Exercise details: Within the listing below, give again exactly the lines between the one containing "are ADA compliant." and the one containing "在澳门航空业已服务超过二十年", inclusive, pictures left aside.

Given data:

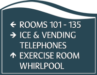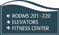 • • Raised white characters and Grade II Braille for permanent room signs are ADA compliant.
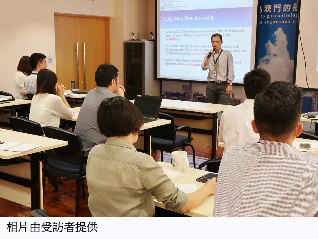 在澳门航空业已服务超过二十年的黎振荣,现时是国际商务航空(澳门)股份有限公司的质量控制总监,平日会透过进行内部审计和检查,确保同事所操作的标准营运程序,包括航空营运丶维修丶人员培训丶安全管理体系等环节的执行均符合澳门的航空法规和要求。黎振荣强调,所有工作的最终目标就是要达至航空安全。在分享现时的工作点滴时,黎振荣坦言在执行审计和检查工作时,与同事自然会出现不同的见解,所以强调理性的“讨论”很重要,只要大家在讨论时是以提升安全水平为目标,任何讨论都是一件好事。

==

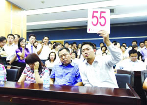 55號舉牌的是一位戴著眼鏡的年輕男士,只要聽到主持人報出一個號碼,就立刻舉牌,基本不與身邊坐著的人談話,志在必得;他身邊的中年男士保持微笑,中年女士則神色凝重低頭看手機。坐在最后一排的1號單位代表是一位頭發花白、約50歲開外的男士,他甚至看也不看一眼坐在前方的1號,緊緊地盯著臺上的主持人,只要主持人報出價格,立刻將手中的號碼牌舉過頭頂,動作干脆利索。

* * *

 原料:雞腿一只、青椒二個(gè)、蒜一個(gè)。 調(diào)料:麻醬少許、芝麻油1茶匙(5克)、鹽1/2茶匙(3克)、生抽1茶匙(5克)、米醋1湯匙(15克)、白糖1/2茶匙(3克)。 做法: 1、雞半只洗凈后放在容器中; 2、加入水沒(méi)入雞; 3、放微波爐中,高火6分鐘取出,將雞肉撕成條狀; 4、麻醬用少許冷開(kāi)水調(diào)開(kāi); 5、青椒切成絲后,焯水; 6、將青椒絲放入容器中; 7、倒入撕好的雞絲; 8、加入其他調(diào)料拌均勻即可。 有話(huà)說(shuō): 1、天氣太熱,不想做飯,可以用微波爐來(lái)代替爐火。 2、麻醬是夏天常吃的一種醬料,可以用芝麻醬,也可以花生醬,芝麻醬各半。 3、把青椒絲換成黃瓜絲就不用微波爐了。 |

Result of this exercise:
 • • Raised white characters and Grade II Braille for permanent room signs are ADA compliant.
 在澳门航空业已服务超过二十年的黎振荣,现时是国际商务航空(澳门)股份有限公司的质量控制总监,平日会透过进行内部审计和检查,确保同事所操作的标准营运程序,包括航空营运丶维修丶人员培训丶安全管理体系等环节的执行均符合澳门的航空法规和要求。黎振荣强调,所有工作的最终目标就是要达至航空安全。在分享现时的工作点滴时,黎振荣坦言在执行审计和检查工作时,与同事自然会出现不同的见解,所以强调理性的“讨论”很重要,只要大家在讨论时是以提升安全水平为目标,任何讨论都是一件好事。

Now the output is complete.